───── Records to use ─────

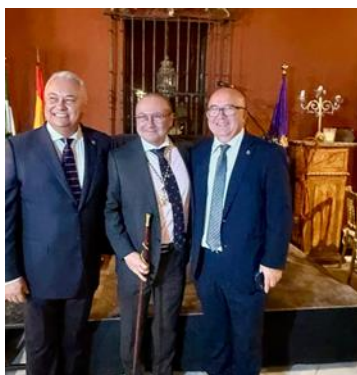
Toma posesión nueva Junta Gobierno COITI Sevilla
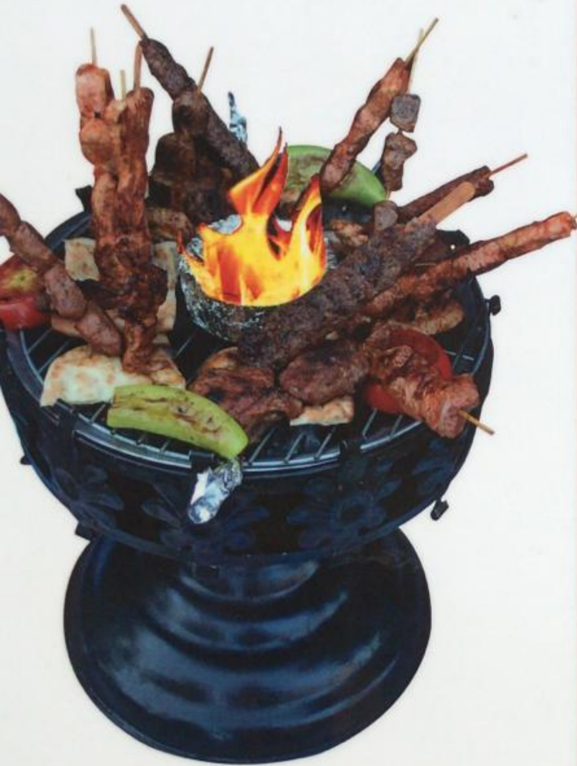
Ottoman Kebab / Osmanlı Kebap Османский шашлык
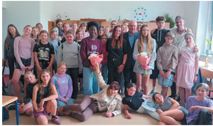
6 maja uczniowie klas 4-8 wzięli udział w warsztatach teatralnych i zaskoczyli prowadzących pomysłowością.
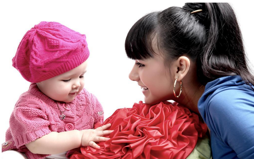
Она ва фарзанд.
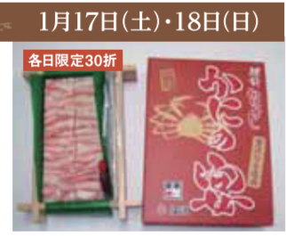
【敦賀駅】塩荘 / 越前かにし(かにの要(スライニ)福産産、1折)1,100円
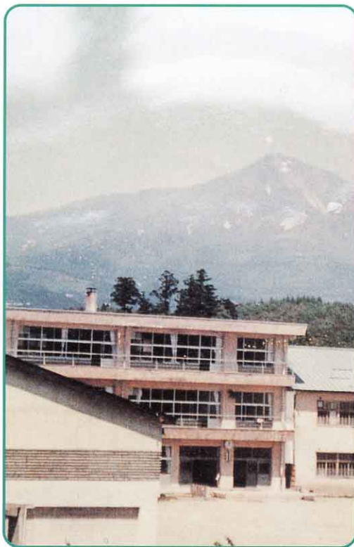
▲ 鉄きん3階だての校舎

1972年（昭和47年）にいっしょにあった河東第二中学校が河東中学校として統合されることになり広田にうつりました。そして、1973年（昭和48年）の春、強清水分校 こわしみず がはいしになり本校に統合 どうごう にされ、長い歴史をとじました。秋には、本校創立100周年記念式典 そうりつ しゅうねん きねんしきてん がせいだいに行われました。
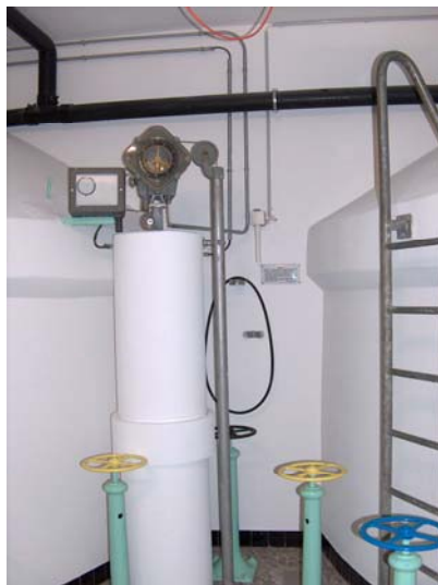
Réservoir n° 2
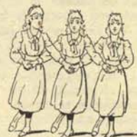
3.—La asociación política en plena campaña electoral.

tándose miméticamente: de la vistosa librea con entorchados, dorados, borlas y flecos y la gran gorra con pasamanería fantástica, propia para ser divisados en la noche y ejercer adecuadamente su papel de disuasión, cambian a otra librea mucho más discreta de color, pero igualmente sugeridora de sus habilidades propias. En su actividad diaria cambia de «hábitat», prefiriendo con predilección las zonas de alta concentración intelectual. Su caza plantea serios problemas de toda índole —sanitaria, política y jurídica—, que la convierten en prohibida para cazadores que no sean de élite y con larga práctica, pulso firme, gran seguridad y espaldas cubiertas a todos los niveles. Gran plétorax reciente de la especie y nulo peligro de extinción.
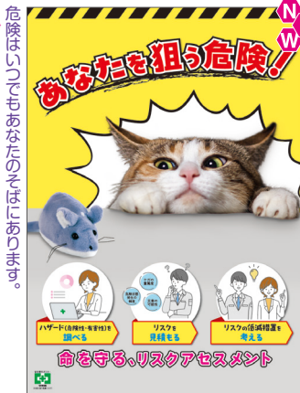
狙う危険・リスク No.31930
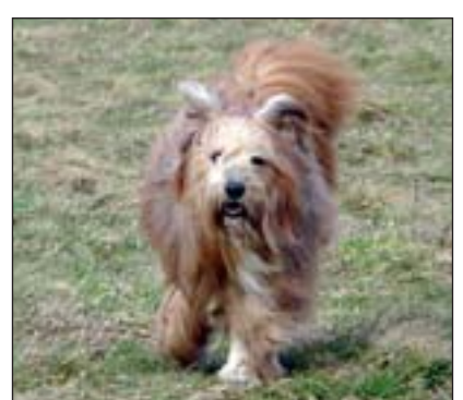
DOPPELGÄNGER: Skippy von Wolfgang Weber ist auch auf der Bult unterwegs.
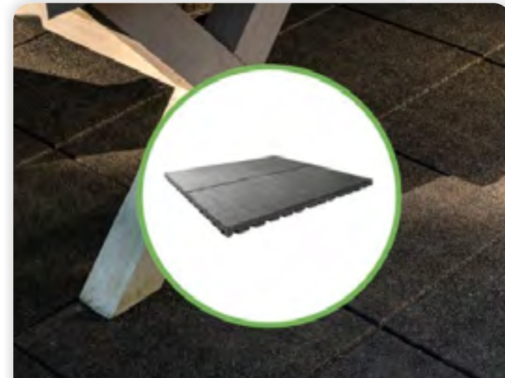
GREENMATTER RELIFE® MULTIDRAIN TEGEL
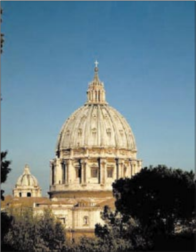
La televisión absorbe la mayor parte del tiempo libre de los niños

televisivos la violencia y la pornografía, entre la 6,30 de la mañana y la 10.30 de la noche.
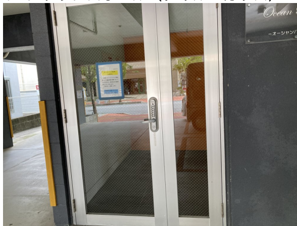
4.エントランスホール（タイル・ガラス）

─────
───── Records to use ─────

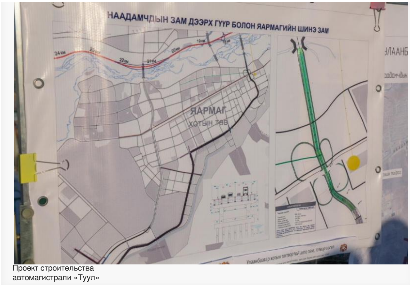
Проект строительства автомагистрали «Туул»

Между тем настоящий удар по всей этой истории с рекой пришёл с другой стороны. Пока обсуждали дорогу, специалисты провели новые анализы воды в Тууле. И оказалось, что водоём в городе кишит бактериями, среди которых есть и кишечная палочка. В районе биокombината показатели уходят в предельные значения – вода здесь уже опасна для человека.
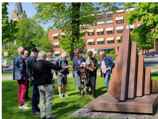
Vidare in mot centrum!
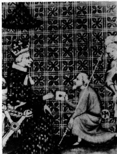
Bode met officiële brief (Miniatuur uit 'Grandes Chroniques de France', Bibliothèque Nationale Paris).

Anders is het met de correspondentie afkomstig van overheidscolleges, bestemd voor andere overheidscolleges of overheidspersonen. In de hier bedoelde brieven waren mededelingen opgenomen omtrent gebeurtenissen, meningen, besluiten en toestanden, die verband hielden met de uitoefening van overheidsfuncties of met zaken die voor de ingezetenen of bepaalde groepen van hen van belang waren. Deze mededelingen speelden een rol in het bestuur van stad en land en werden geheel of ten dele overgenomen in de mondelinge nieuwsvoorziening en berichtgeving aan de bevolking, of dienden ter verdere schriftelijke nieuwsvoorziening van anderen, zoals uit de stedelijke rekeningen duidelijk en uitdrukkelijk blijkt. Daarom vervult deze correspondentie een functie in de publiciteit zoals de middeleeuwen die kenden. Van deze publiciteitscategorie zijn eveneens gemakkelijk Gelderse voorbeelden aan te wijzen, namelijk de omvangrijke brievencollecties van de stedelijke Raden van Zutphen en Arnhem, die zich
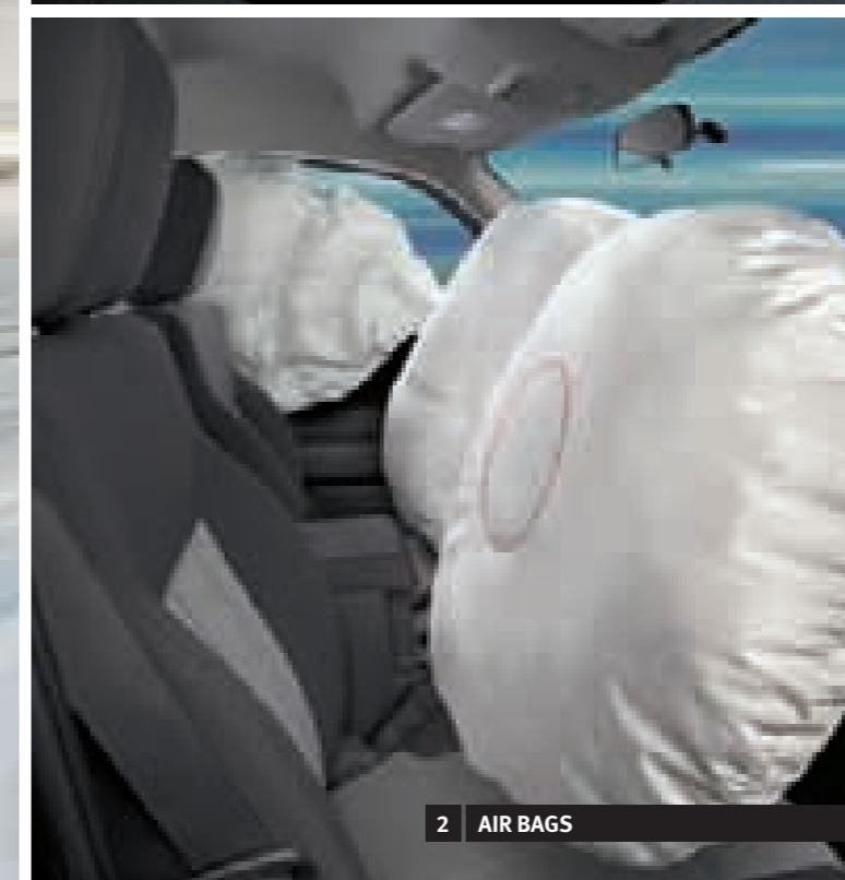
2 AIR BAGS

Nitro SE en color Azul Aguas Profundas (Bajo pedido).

─────

Instructions to follow>
Output only the lines above from the one containing "Toma posesión nueva" to the one containing "3.—La asociación política", both included, exactly as written and with no pictures.

Finished exercise>
Toma posesión nueva Junta Gobierno COITI Sevilla
Ottoman Kebab / Osmanlı Kebap Османский шашлык
6 maja uczniowie klas 4-8 wzięli udział w warsztatach teatralnych i zaskoczyli prowadzących pomysłowością.
Она ва фарзанд.
【敦賀駅】塩荘 / 越前かにし(かにの要(スライニ)福産産、1折)1,100円
▲ 鉄きん3階だての校舎

1972年（昭和47年）にいっしょにあった河東第二中学校が河東中学校として統合されることになり広田にうつりました。そして、1973年（昭和48年）の春、強清水分校 こわしみず がはいしになり本校に統合 どうごう にされ、長い歴史をとじました。秋には、本校創立100周年記念式典 そうりつ しゅうねん きねんしきてん がせいだいに行われました。
Réservoir n° 2
3.—La asociación política en plena campaña electoral.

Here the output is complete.